Obviously, this all made a strong impression on me, and I resolved to read more about the Taiping so that I could reach a better understanding of what happened.
I don't think most of us in the West fully understand the resentment and mistrust the Chinese, even today, feel toward us. Of course, the Opium Wars and the various vulture-like entities that sprang up in response to the enfeebled Qing dynasty have much to do with that, but there was also the experience, during this struggle as well as at many other times, of Western representatives continuously changing tack or seeming to work in unpredictable ways. For example, during the Taiping campaigns, Western military leaders would capriciously change sides, not to mention that some Western envoys insisted on protocols that were opaque or contradictory.
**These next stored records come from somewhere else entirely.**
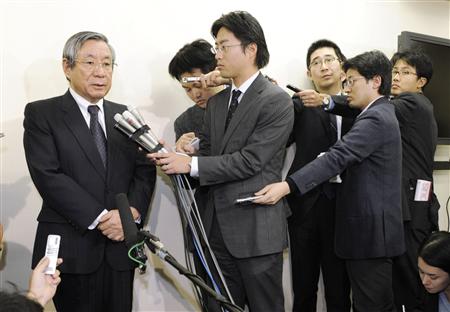 日本航空公司社长西松遥在东京出席企业养老年削减方案说明会后接受媒体采访。
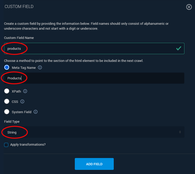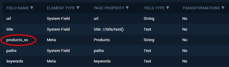 Click Add Field. The new field, labeled products_ss (your field name plus the string datatype), will appear in the list.
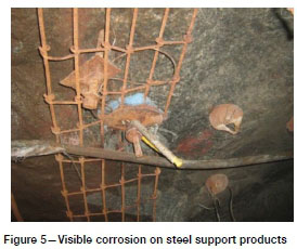 Corrosion of steel rockbolts can be problematic given the potential long-term exposure to corrosive conditions in some installations (Aziz et al., 2013). This is particularly noticeable in certain shafts where accelerated corrosion is evident on all steel products in use (see Figure 5).

It was not the East that seemed inscrutable in these exchanges so much as the West. (The Taiping rebels were fairly consistent up until the end in dealing with Westerners, and the representatives of the Qing also clung to a fairly consistent policy, which centered on keeping barbarian influences as far as possible from Beijing and the emperor.)
The events the author describes and analyzes are complex, but he helps us by focusing on two major players, the reluctant scholar-general Zeng Guofan and the Taiping leader Hong Rengan, cousin and most influential advisor to the Heavenly King. Both of these men were unlikely leaders, yet they each had a strong vision that guided their actions and policies. Although he was fighting "on the wrong side" from the Western perspective, I confess that I developed a real fondness for Zeng, who improbably emerged from his Confucian fastness to become a brilliant strategist. His tale is a tragic one, for at the end of the war, when he had finally defeated the Taiping, he only wished to withdraw back into his scholarly cocoon but instead faced ridicule, suspicion, and opprobrium up until the time of his death.
Another striking and indeed exasperating aspect of this era is the West's consistently cack-handed and wrongheaded approach. There was endless vacillation over which side to back, the Qing or the Taiping. Indeed, the third course, neutrality, while it seemed the safest, invariably backfired, and the British policy of "neutrality" was no such thing. But all the major foreign powers -- British, French, and American -- failed to understand what the Taiping were and weren't, and the author recounts a litany of their diplomatic missteps and miscalculations. Ultimately, Hong Rengan's Taiping vision was very much in accordance to what the West wanted: open trade, modernization, and a pro-Western government in power. Yet a few Western representatives who wrote dispatches back to governments halfway across the globe managed to critically misrepresent Taiping intentions.
I couldn't help but think, as I read this book, of how often our foreign policy goes awry because we don't know what the "real" nature of rebel factions or emergent movements is. A brief glance at Syria provides a rich example of this. Who will be our friends after the dust settles? Which group's policies will align most closely with our own interests? The role of the media and of particular influential people who may or may not have a clear appraisal of the situation has at times an outsize influence over foreign policy, not to mention what I will call the "appetites" for foreign intervention at home at any given time.
In short, it is instructive to see how dramatically the West got it wrong during the Taiping rebellion, and it would be foolish, in the final analysis, to assume that we have made much progress in assessing friends and enemies since then. It is also striking that the Taiping provided a template for revolutionary "leaps forward" under communist leaders and, indeed, still provides a crude template for changes China is undergoing today.